The underlying theory is that design is a particular form of knowledge which cannot be studied and taught in scientific and humanistic subjects of education. The design theorist Nigel Cross proposes design as a “'third area' of education” defining this area "by contrasting it with the other two – sciences and humanities” (1982, p. 221). And Tim Brown calls a “third way” and an “integrated approach” between the two pillars of “feeling, intuition, and inspiration” and “the rational and the analytical” (2009, p. 4). Design therefore poses an important alternative dimension in knowledge production, scholarship and training.

Management by design (MxD) is a university course which equips students with design as a method of managing organisations, innovation, and change processes. It is an alternative approach to organising and leadership, following the principles of design thinking. The novelty of this management approach, and this application of design evokes many questions, still. “It is difficult to explain to others what I am studying”, as one student put it.
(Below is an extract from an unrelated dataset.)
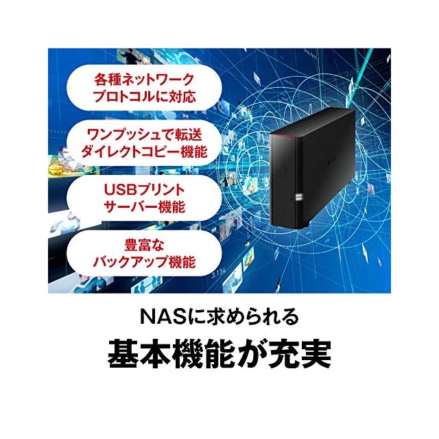 【特長】初めてのNASに最適。PC、スマホ、タブレットでいつでもどこでもデータにアクセス!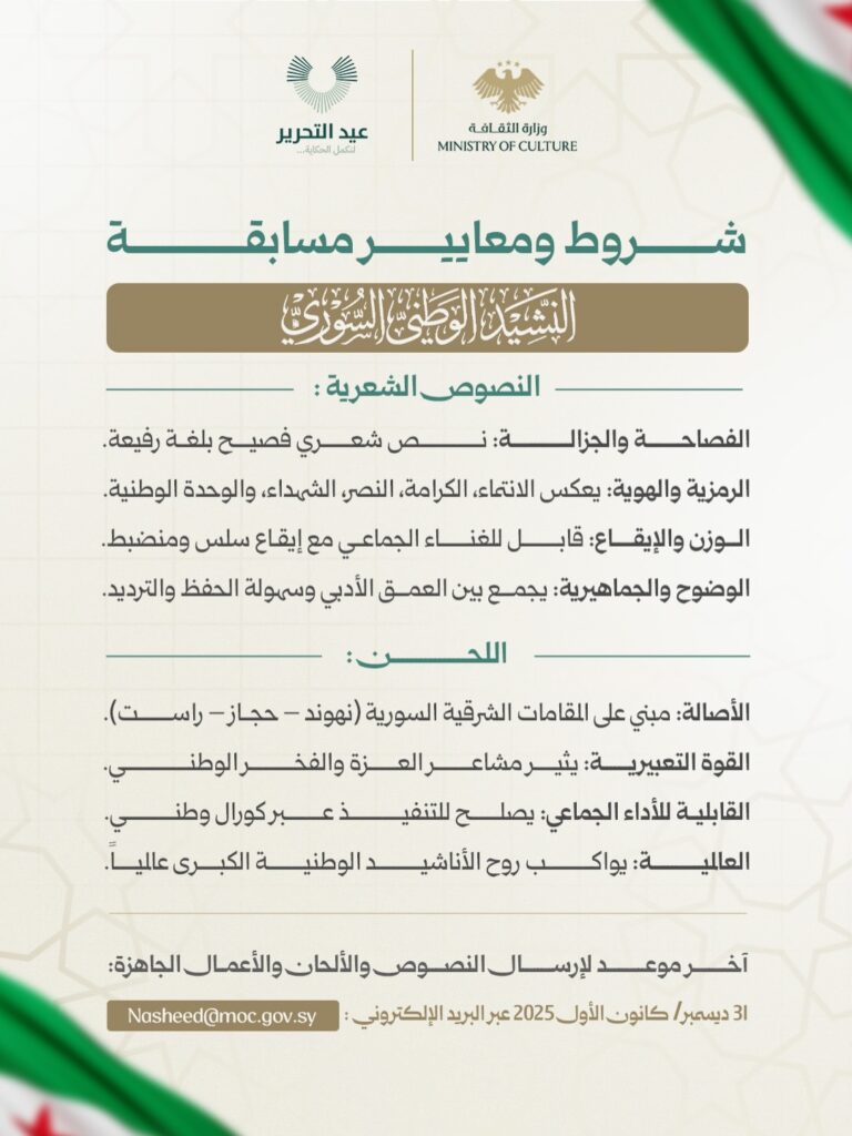 تزامنا مع أعياد التحرير، وزارة الثقافة تطلق مسابقة خاصة لكتابة النشيد الوطني وتلحينه

Explaining what MxD is, may be challenging to students amid traditional understandings of design and of management. However, the current openness of the concept of MxD bears the opportunity to define it, design it, and create it as something we want and need it to be, and it allows us to shape MxD as the thing that we think is best. The research project coming forward is a design project in which we explore MxD with students and with experienced designers as an approach to innovation, and in which we aspire to designing the ways we use this approach.

We are taking as our starting point the famous postulation that designers have particular ways of thinking and knowing in “designerly” ways (Cross, 1982, 2001). It is designers' ways of thinking that can be used to tackle "ill-defined, ill-structured, or 'wicked'” problems (Cross, 1982, p. 224, quoting Rittel and Webber, 1973). The nature of designers' ways of thinking is illustrated as "solution-focused", “constructive", and able to use particular codes or “object languages” (Cross, 1982, p. 226).
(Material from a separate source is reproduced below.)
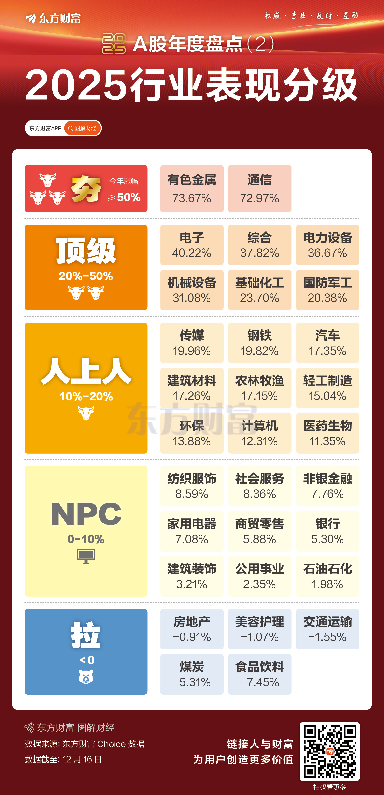 依照当前网络流行的从“夯”到“拉”五档分级(依次为“夯”“顶级”“人上人”“NPC”“拉”,“夯”表示“最受欢迎、超人气、最火”的意思;“NPC”原为称呼游戏中不受真人玩家操纵的游戏角色,此处指没有存在感;“拉”对应“Low”的谐音并衍生出“拉垮”之意),有色金属、通信行业表现堪称“夯”,年内累计涨幅分别为73.67%、72.97%。

Cross describes designers as being “solution-focused” and “problem-solve by synthesis" in contrast to scientists who “problem-solve by analysis” (pp. 223–226). It is less important to understand a problem analytically. It is more important to practically try out solutions that might fit. “A central feature of design activity […] is a process of 'satisficing' rather than optimizing; producing any one of what might well be a large range of satisfactory solutions rather than attempting to generate the one hypothetically-optimum solution.” (p. 224)


Designers apply a “constructive” process of "pattern synthesis, rather than pattern recognition” (p. 224). By “pattern synthesis", Cross means “a pattern (or some other ordering principle) [that] seemingly has to be imposed in order to make a solution possible” (p. 224). Designers therefore, instead of waiting for a solution to arise in contemplation, become active in constructing patterns (ordering principles) that are tentatively applied and tested for being a possible solution.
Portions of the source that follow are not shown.